Manchester United sign Tielemans on five-year deal despite Ratcliffe's own warnings on long contracts
Manchester United have completed a £35m signing of Youri Tielemans from Aston Villa on a five-year deal keeping the 29-year-old Belgian until he is 34 — mirroring the type of long-term contract Sir Jim Ratcliffe previously criticised when United signed Casemiro.
Manchester United have signed Youri Tielemans from Aston Villa in a £35 million deal, tying the 29-year-old Belgian to the club on a five-year contract that runs until he is 34 — despite co-owner Sir Jim Ratcliffe having previously flagged exactly this kind of long-term commitment to an ageing midfielder as an example of poor recruitment.
Tielemans arrives at Old Trafford having impressed during the 2024-25 season at Villa Park, where he scored in the Europa League final in May. He is expected to fill the void left by Casemiro, whose contract expired this summer after four turbulent years at the club.
The parallel with Casemiro is difficult to ignore. According to reports, Ratcliffe raised concerns as far back as March 2023 — during a presentation by the then-United hierarchy — about the decision to sign a 30-year-old midfielder on a four-year deal worth around £350,000 a week. Tielemans is a year younger and on significantly lower wages, but the structure of his contract is strikingly similar: a five-year deal that keeps him at the club until the same age Casemiro was when he departed.

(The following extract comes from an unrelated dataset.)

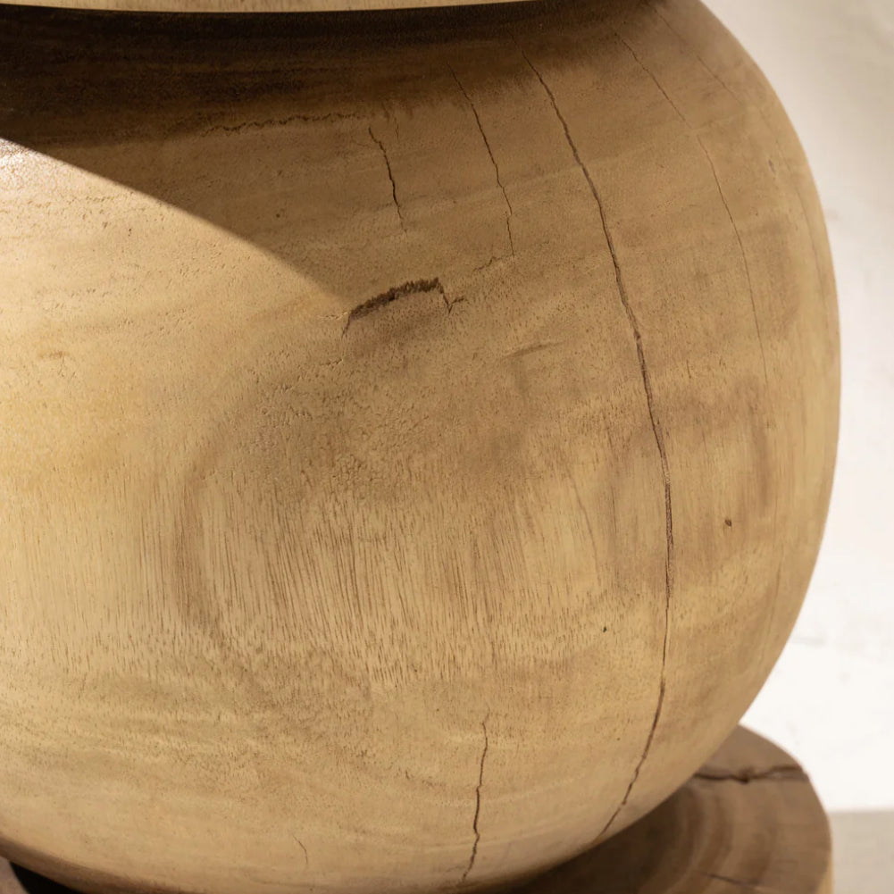 Each piece is meticulously handcrafted from Suar wood—a sustainably sourced fruit tree known for its durability, naturally rich oils, and stunning variation in tone and grain. With a smooth raw finish, these stools or side tables highlight the wood’s organic character, from unique textures to naturally flowing shapes and color contrasts.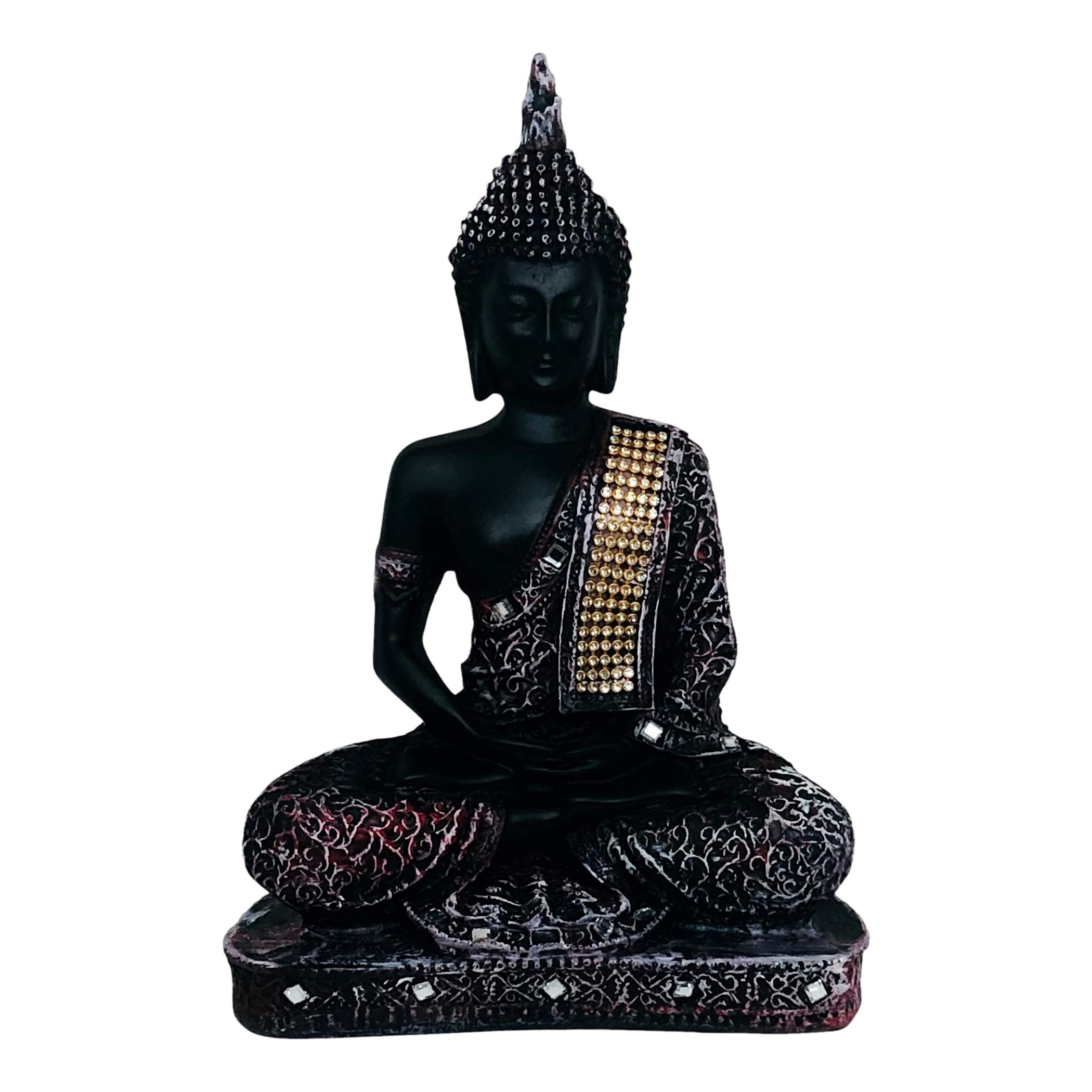 SHOPMEFAST Resin Lord Buddha Idol Sitting Statue for Home Decor (Red & Black, 1 Pc.) (BStatue-Red)

Casemiro’s time at United was a study in contrasts — an electric start followed by a steep decline, before a more composed final season. Ratcliffe used his signing as a cautionary tale about chasing established names rather than building for the long term. The decision to hand Tielemans comparable contract length suggests the club’s recruitment thinking has shifted, or at least bent, under the weight of immediate need.
What United can point to is the broader logic of their recent transfer strategy. The signings of Bryan Mbeumo and Matheus Cunha last season — both Premier League-proven players who hit the ground running at Old Trafford — validated an approach that avoids the adaptation period often required of players arriving from abroad. Tielemans, who has spent years in English football, fits that same profile. So does Andrey Santos, who has joined from Chelsea having had a loan spell at Nottingham Forest.
Whether the Tielemans deal proves shrewd or contradictory will ultimately depend on what he produces on the pitch. For now, it stands as a notable tension between the ownership’s stated philosophy and the contract sitting on the table.